Resensi

I Want to Die but I Want to Eat Tteokpokki: Sebuah Esai untuk Refleksi Diri

Sebuah buku self improvement dari Baek Se Hee.

avatar
Sketsa Unmul

sketsaunmul@gmail.com


Sumber Gambar: Christnina

SKETSA – Saat membaca judul buku ini, seperti apa bayangan kalian? Bagaimana kau ingin mati namun masih memikirkan jajanan kaki lima? Hal inilah yang menjadi tajuk dalam buku karya Baek Se Hee ini.

Terdiri dari 236 halaman, buku yang berisi esai mengenai pertanyaan, penilaian, saran, nasihat dan evaluasi diri dari sang penulis ketika ia menjalani pengobatan untuk distimia (depresi berkepanjangan) dan gangguan kecemasan yang telah berlangsung selama lebih dari sepuluh tahun.

Karena esai ini dibuat berdasarkan pengalaman asli, maka di dalamnya kita akan benar-benar melihat bagaimana proses pengobatan berjalan serta perkembangannya. Meski terdengar suram dan bersifat pribadi, kita akan menemukan penyebab yang mendasari depresi melalui situasi spesifik. Tak hanya itu, di dalamnya juga memuat bagaimana perjalanan untuk menerima keadaan diri sendiri dan berfokus pada kehidupan yang lebih sehat.
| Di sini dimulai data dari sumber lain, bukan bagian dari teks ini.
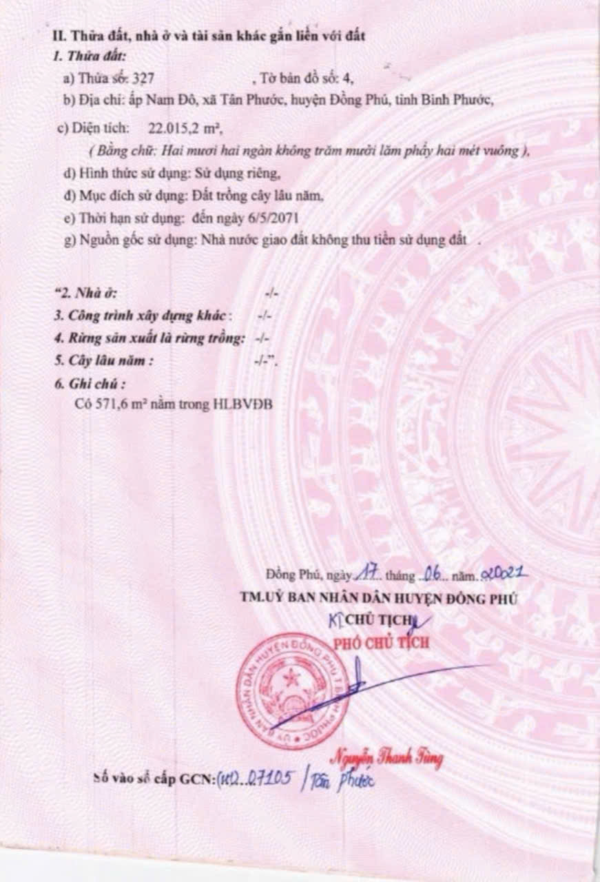 Nhanh tay sở hữu lô đất đẹp tại xã Tân Phước, Đồng Phú, Bình Phước với diện tích rộng lớn 22015 m².

I Want to Die but I Want to Eat Tteokpokki terdiri dari dua belas bab yang disusun berdasarkan minggu pengobatan. Kalian juga akan melihat, bagaimana seorang pasien dan pskiater tumbuh bersama seiring dengan berjalannya pengobatan ini. Tidak ada dokter yang sempurna atau pasien yang sempurna, semuanya mengalir apa adanya.

Meski setiap bab menarik untuk dibaca, namun ada beberapa bab yang membuat kita kembali bercermin dan merefleksikan diri. Seperti bagian “Apa yang Harus Kulakukan Agar Mengenal Diriku Dengan Baik” dan “Mengatur, Membuat Kesimpulan, Kecewa, Pergi”. Kedua bab ini mengulas bagaimana Baek ingin mengenal dirinya dengan lebih baik, juga menerima bahwa setiap orang ialah spesial. Selain itu, menghentikan pemikiran bahwa orang lain selalu mencoba untuk meremehkan kita, sementara kitalah yang selalu meremehkan diri sendiri.

Di akhir buku ini, terdapat penutup dari sang pskiater juga beberapa catatan tambahan dari penulis mengenai apa efek positif dari merasakan depresi. Ini bukan menjustifikasi bahwa depresi adalah hal yang baik, namun menjadi sebuah pengalaman hidup untuk terus belajar dan memperbaiki diri.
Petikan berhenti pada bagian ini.